Good morning, America. Hello, world.
Yes, the skies over Mordor are now brightening.*
There is an almost palpable, physical sense of relief with the confirmation that the end of the Bush era is at hand.
And the election of an African American to the highest office in the land is an act of racial redemption that was almost unimaginable two years ago.
But we have a long way to go to escape from the Dark Days.
Capped by eight years of unchecked corporate predation, three decades of maniacal gifting to the corporate sector — improperly characterized as “free market” policies — has left the United States, and the world, in a very dangerous place.
The most acute problem — and the test that may well determine the character of the Obama administration, and whether it succeeds or fails — is the deepening recession. The financial crisis has made the recession worse, and poses enormous hazards and challenges of its own. The underlying problem is not the financial crisis, however, but the recession induced by the popping of the housing bubble.
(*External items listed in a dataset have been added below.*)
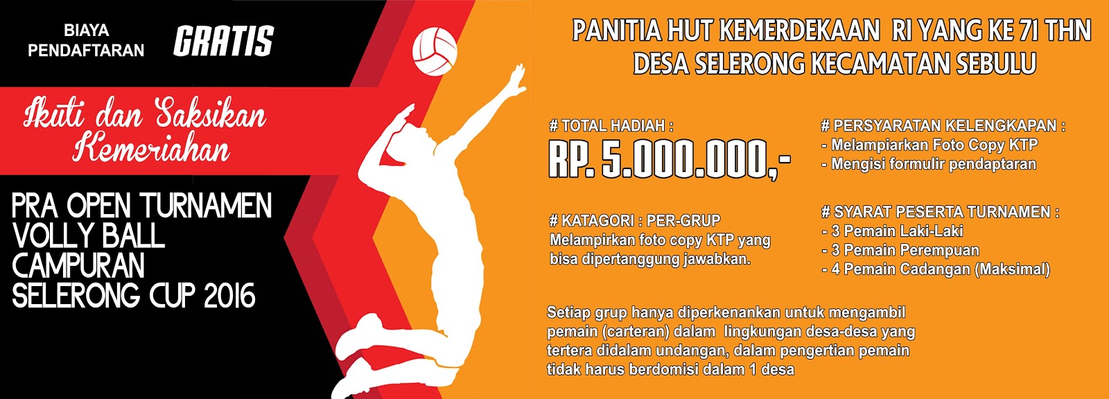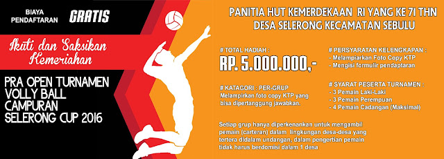 Spanduk Pengumuman Lomba Volly Ball Campuran Ditulis oleh Admin KAKCIS Pada May 10, 2020 Post a Comment Nama :Ukuran :Keteranga :
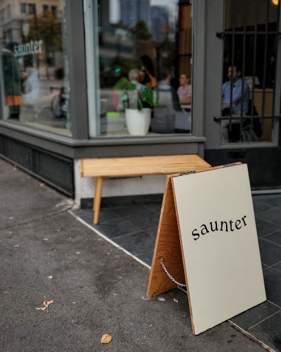 Saunter is a cool name for a coffee shop and the space is equally cool.Ā Vibe is crucial and saunter passes this test with ease. Ā The space is small and intimate but it has a minimalist design so it doesnāt feel cramped.Ā Also, it has lots of south facing windows, so itās always bright and that makes it feel bigger.
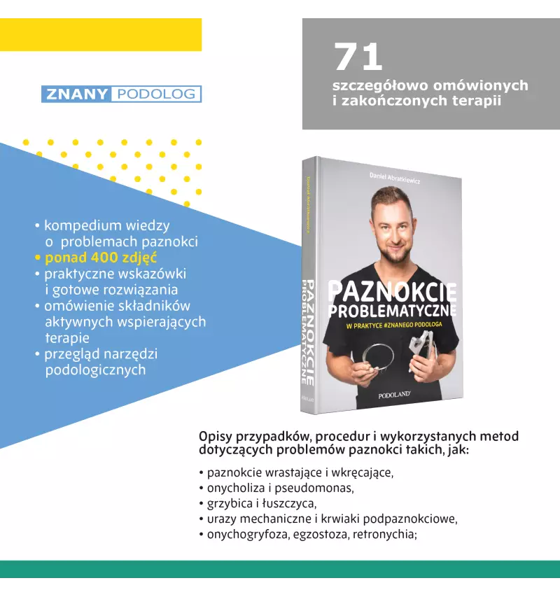 71 szczegółowo omówionych i zakończonych terapii. Opis przypadków, procedur i wykorzystanych metod dotyczących problemów paznokci.
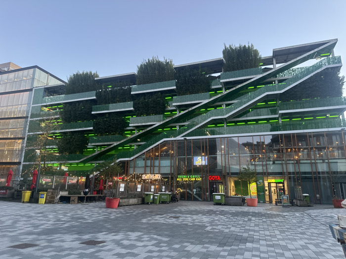 This image depicts a multi-story building in Nieuwegein, Netherlands, featuring a distinctive green, vegetated facade and ground-level commercial establishments, fronted by a paved pedestrian plaza
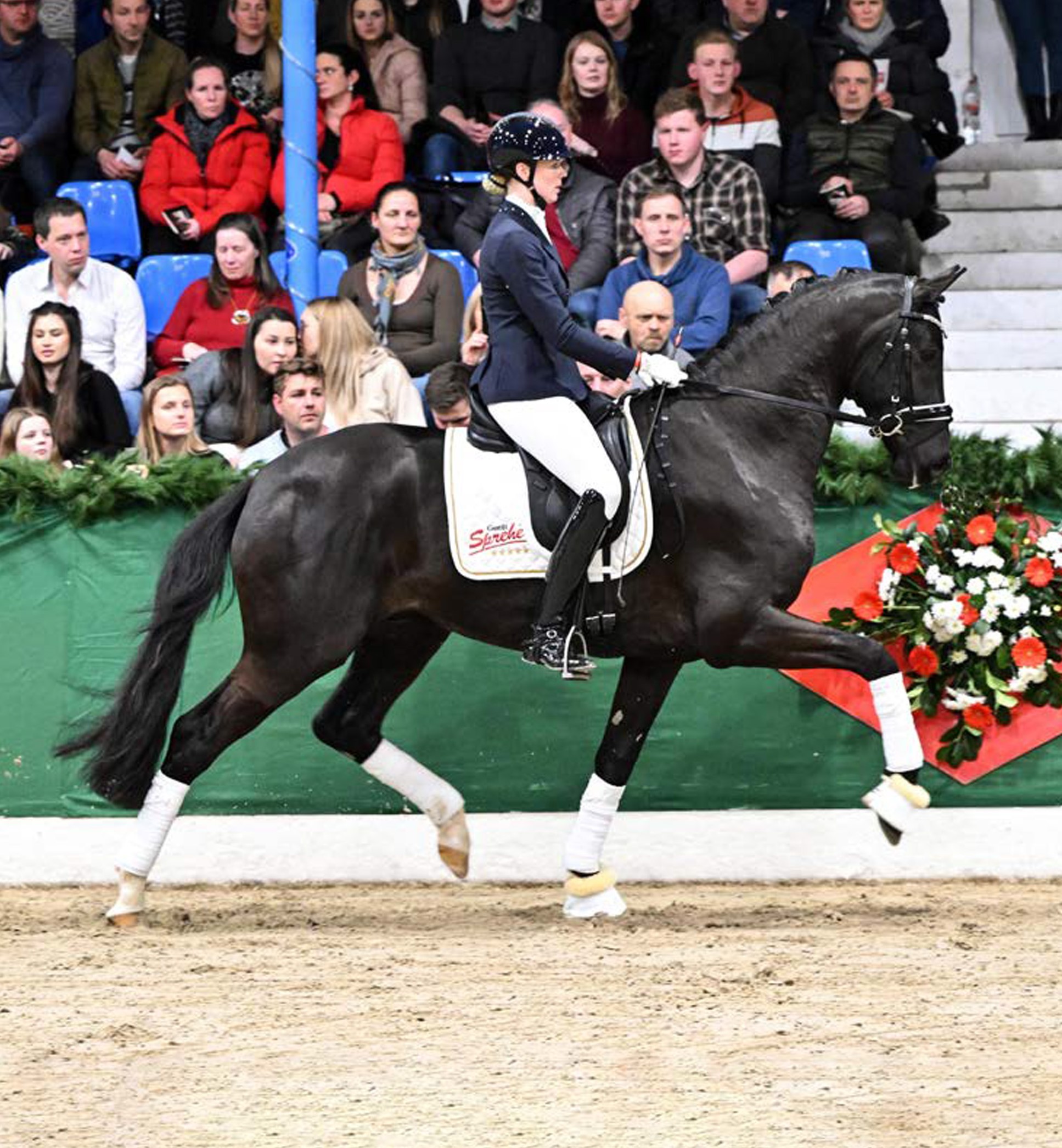 Aus der viel zu kurzen züchterischen Schaffenszeit des Desperados FRH nach dessen Weltkarriere im Viereck stammt der typfeine Nachwuchsvererber Der König. Noch jugendlich in der Aufmachung, kann Der König bereits jetzt mit viel Charme, Langbeinigkeit und Bewegungsstärke auftrumpfen. Typisch Desperados ist insbesondere Der König`s Schritt von besonderer Güte.
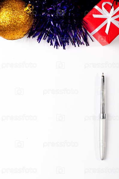 Рождественский подарок, золотистый новогодний шар и мишура с ручкой на белом фоне
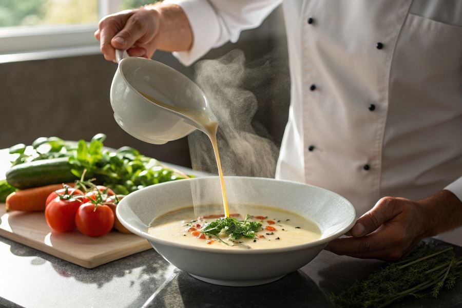 Profesjonalna prezentacja zupy krem to nie tylko kwestia estetyki, ale również smaku. Kontrastujące dodatki podnoszą walory smakowe – do dyniowej dodaj prażone pestki, do pieczarkowej chrupiące grzanki z tymiankiem, a do pomidorowej kulki mozzarelli.
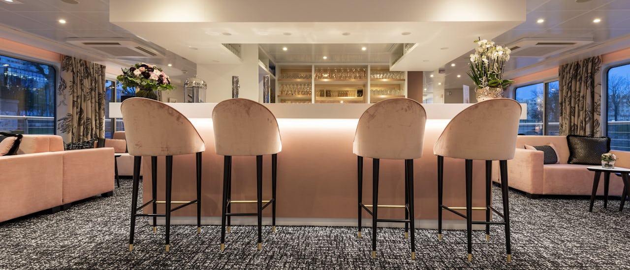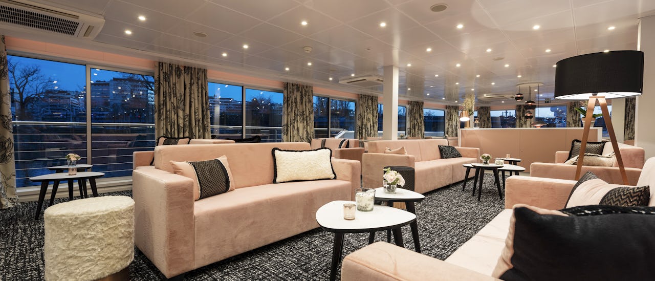 Lyssna på och dansa till livemusik i huvudloungen som ligger i fören på fartyget.

Calming the financial markets will not solve the economic problem, and the financial markets will not truly regain their footing until the economy is set back on a sensible course.
Responding to the worsening recession will require a massive program of public expenditure. The scale of the economic crisis requires a commensurate public outlay. Economists Dean Baker and Mark Weisbrot of the Center for Economic and Policy Research suggest additional U.S. spending of more $300 billion to $400 billion, and even more may quite possibly be required.
Of course, these astronomical sums seem more digestible after Congress agreed to spend $700 billion on the Wall Street bailout, but they will require a break from misguided prevailing orthodoxy** about the importance of balanced budgets.
It’s not that hard to figure out where these funds should go. They should expand unemployment insurance, and support state and local governments experiencing major revenue shortfalls as tax collections decline because of reduced economic activity. And they should be invested to meet pressing infrastructure and especially transformative clean energy needs.
It is conventional wisdom that infrastructure investments take too long to organize to be responsive to an economic slowdown. But many projects can be quickly and easily jumpstarted; the depth of the recession means that government stimulus will be needed for some time; and, with sufficient political will, even major energy projects — first among them, a major retrofitting of old buildings to increase energy efficiency — can be initiated quickly.
To succeed, Obama will have to deliver more aggressive policies than those on which he campaigned. Obama campaigned on a platform of a $50 billion “jumpstart” to the economy; a $150 billion investment over 10 years in energy and green technology; and $60 billion over 10 years for a transportation infrastructure investment bank.
These amounts are not close to sufficient. But there was evidence in the last months of the campaign that the Obama team perceives the depth of the crisis, and the absence of alternatives to major public expenditures.
In his book Obama’s Challenge, economic journalist Robert Kuttner rightfully argues that the choice for Obama is to be bold or to fail.
“On the recovery front, a failure to mount a program of large-scale public outlay would leave the economy in a self-deepening recession. And a program that continued the Bush administration’s ad hoc bailouts of failing banks without radical regulatory reform would simply invite the next round of bubbles, crashes and bailouts. As financial conditions worsen and ordinary business profits dwindle, the economic goes into a classic, self-deepening downward spiral.” This particular recession is more serious than most because of the collapse of housing prices, the financial crisis and the massive indebtedness of families and many businesses.
The choice, he argues, is transformation or stagnation.
Kuttner emphasizes the importance of leadership. He reads into Obama great potential for shifting ideological frameworks, and preparing the country for transformative economic initiatives.
Leadership will undoubtedly be important, especially in the early days of the administration.
But equally significant in the short-term — and more important over time — will be public demands. The Obama campaign generated an outpouring of civic energy not witnessed in the United States for two generations. The millions of people who invested their time and hope in Barack Obama now owe it to themselves and to Obama to invest more — this time to demand that he be all they hoped, and all the country and the world desperately need.
* For those not familiar with the reference, Mordor is the realm of the evil Sauron in J.R. Tolkien’s Lord of the Rings.
** Even as I prepare to post this column, NPR’s Steve Inskeep is asking Nevada Senator Harry Reid which of Obama’s stated priorities he’ll have to abandon, given fiscal pressures, or whether he’ll just trim all of them.